Одернув полу красного, с перехватом, кафтана, видок отошел.
— Разойдутся — суди, кто худ, кто хорош!
— Ладу не будет — не нам судить!
— А ну, целуйтесь, молодые, да потчевайте народ водкой!
Жених с невестой отступили. На помост бойко вошла старая казачка в плахте, в белой рубахе. В морщинистых руках она держала рогатую кику, расшитую по розовому желтыми смазнями[71] с белым бисером. Старая поклонилась жениху, невесту поцеловала в губы и тут же сняла ловко и быстро с головы дочери повязку, скрутила в узел косы и, обнажив шею и уши молодой, прикрыла косы новым убором.

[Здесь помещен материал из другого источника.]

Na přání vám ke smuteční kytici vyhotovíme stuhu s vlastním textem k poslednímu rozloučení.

Старая, переменяя убор на голове дочери, говорила громко:
— Уши отомкнула тебе, чтоб мужа слушать! Волосы подбираю, чтоб не мотали, хозяйству не мешали. Люби мужа, Оленушка!

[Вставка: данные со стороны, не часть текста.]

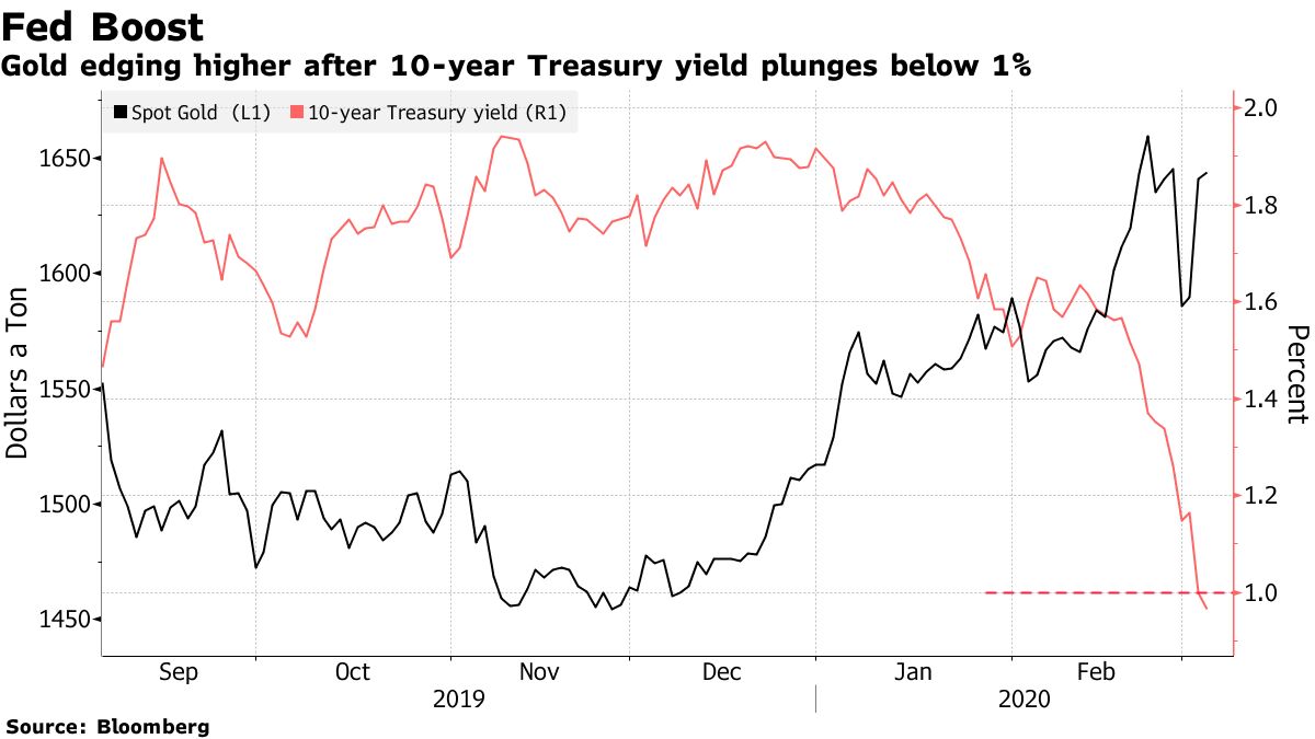 To: carranza2 who wrote (153872 ) 3/3/2020 10:31:46 PM From: TobagoJack Respond to of 218907 the suspect msm would have us believe gold was handed a win, when all it has done is recover lost ground the miners doing same but without conviction that should have been undergirded by leverage but good that the fall has stopped, for at least now, a consolation, allowing us to play the rest of the market w/ peace of mind, so can play better investment we are not doing captaining a boat, yesbloomberg.com Gold Handed a Win With Powell’s Cut Hammering Treasury YieldsGold just got a powerful boost from the Federal Reserve, with bullion extending gains in Asia after the U.S. central bank’s emergency, virus-driven rate cut set off a collapse in 10-year Treasury yields to an all-time low. Bullion prospers from low rates, and more easing is expected from the Fed and other central banks as policy makers seek to blunt the economic fallout from the health crisis. Money markets point to the Bank of Canada jumping into action next with a cut expected its scheduled meeting later Wednesday. Gold has surged more than 8% so far this year on sustained haven demand, with prices hitting a seven-year high as holdings in bullion-backed exchange-traded funds expanded to a record. Fed policy makers shaved 50 basis points off their benchmark, cutting rates outside the normal cycle of meetings for the first time since 2008 . The Fed’s easing, including debt purchases, contributed to a decade-long rally in bullion that sent prices to a record in 2011. “Central-bank actions are aiding gold appreciation,” said Chris Weston, head of research at Pepperstone Group in Melbourne, Australia. “The Fed are worried, and so the equity market feeds off Powell’s sentiment, which is supporting gold,” he said, referring to Fed Chairman Jerome Powell. Gold jumped as much as 0.7% to $1,652.67 an ounce, and traded at $1,643.67 at 11:09 a.m. in Singapore following Tuesday’s 3.2% surge. The Fed’s latest move is helping to reinvigorate demand after bullion plunged on Friday, with investors selling the metal to cover losses in other asset classes. The S&P 500 Index ended almost 3% lower on Tuesday following the Fed’s cut, as well as comments from Powell that the outbreak will weigh on activity “for some time,” and a joint call between leading finance ministers. The 10-year Treasury yield plunged below 1% to a record low, while the dollar fell. Gold-backed ETFs saw more inflows on Tuesday, with the total expanding to the most ever. There was an influx 15.6 tons, the most in tonnage terms since mid-January, according to a preliminary tally compiled by Bloomberg News. On the virus front, Vice President Mike Pence -- who’s leading the U.S. response -- said that 13 states now have coronavirus cases. Infections also rose in South Korea and Iran, where more officials were diagnosed.— With assistance by Jake Lloyd-Smith, Justina Vasquez, Ranjeetha Pakiam, and Martin Ritchie Before it's here, it's on the Bloomberg Terminal. LEARN MORE

Поклонилась молодому в ноги.
— А ты, Степанушко, люби дочь мою… в строгости держи и не греши, коли что худое скажут…
— Буду любить, Анна Андреевна!
В красном бархатном московском кафтане со стоячим козырем, расшитым жемчугом и золотом, на помост медленно, степенно вошел сам войсковой атаман. Фрол передал атаману образ. Молодые поклонились в пояс Корнею Яковлеву и образ поцеловали.
Атаман сказал:
— Буду я вам, Степан и Олена, заместо отца вашего Тимофея Рази и нынче прошу к посаженому и хрестному отцу в дом свадьбу пировать!
Передав образ Фролу, атаман повернулся к народу и крикнул громко:
— Пир на пир — живым, а мертвым — память вечная! Вчера пировали, атаманы-молодцы, дела делали, — нынче прошу радость делить с моим хрестником, хрестницей и со мной, их батьком!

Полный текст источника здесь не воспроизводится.